Use the Spark shell with Databricks Connect for Python

Note

This article covers Databricks Connect for Databricks Runtime 13.0 and above.

This article covers how to use Databricks Connect for Python and the Spark shell. Databricks Connect enables you to connect popular applications to Databricks clusters. See What is Databricks Connect?.

Note

Before you begin to use Databricks Connect, you must set up the Databricks Connect client.

The Spark shell works with Databricks personal access token authentication authentication only.

To use Databricks Connect with the Spark shell and Python, follow these instructions.

  1. To start the Spark shell and to connect it to your running cluster, run one of the following commands from your activated Python virtual environment:

    If you set the SPARK_REMOTE environment variable earlier, run the following command:

    pyspark
    

    If you did not set the SPARK_REMOTE environment variable earlier, run the following command instead:

    pyspark --remote "sc://<workspace-instance-name>:443/;token=<access-token-value>;x-databricks-cluster-id=<cluster-id>"
    

    The Spark shell appears, for example:

    Python 3.10 ...
    [Clang ...] on darwin
    Type "help", "copyright", "credits" or "license" for more information.
    Welcome to
         ____              __
        / __/__  ___ _____/ /__
       _\ \/ _ \/ _ `/ __/  '_/
      /__ / .__/\_,_/_/ /_/\_\   version 13.x.dev0
         /_/
    
    Using Python version 3.10 ...
    Client connected to the Spark Connect server at sc://...:.../;token=...;x-databricks-cluster-id=...
    SparkSession available as 'spark'.
    >>>
    
  2. Refer to Interactive Analysis with the Spark Shell for information about how to use the Spark shell with Python to run commands on your cluster.

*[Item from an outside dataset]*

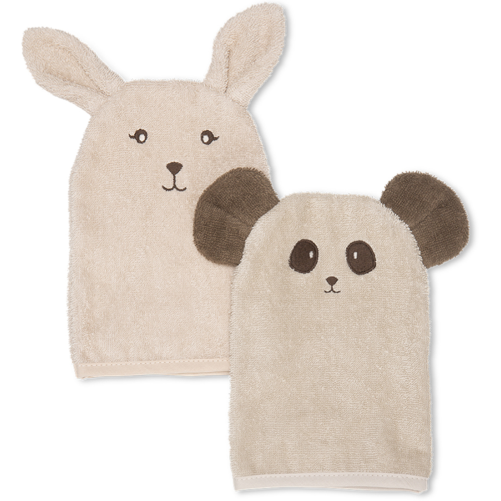 Organic Michi 2-pak vaskeklude (One size) Bunny and panda Michi

    Use the built-in spark variable to represent the SparkSession on your running cluster, for example:

    >>> df = spark.read.table("samples.nyctaxi.trips")
    >>> df.show(5)
    +--------------------+---------------------+-------------+-----------+----------+-----------+
    |tpep_pickup_datetime|tpep_dropoff_datetime|trip_distance|fare_amount|pickup_zip|dropoff_zip|
    +--------------------+---------------------+-------------+-----------+----------+-----------+
    | 2016-02-14 16:52:13|  2016-02-14 17:16:04|         4.94|       19.0|     10282|      10171|
    | 2016-02-04 18:44:19|  2016-02-04 18:46:00|         0.28|        3.5|     10110|      10110|
    | 2016-02-17 17:13:57|  2016-02-17 17:17:55|          0.7|        5.0|     10103|      10023|
    | 2016-02-18 10:36:07|  2016-02-18 10:41:45|          0.8|        6.0|     10022|      10017|
    | 2016-02-22 14:14:41|  2016-02-22 14:31:52|         4.51|       17.0|     10110|      10282|
    +--------------------+---------------------+-------------+-----------+----------+-----------+
    only showing top 5 rows
    

    All Python code runs locally, while all PySpark code involving DataFrame operations runs on the cluster in the remote Databricks workspace and run responses are sent back to the local caller.

  3. To stop the Spark shell, press Ctrl + d or Ctrl + z, or run the command quit() or exit().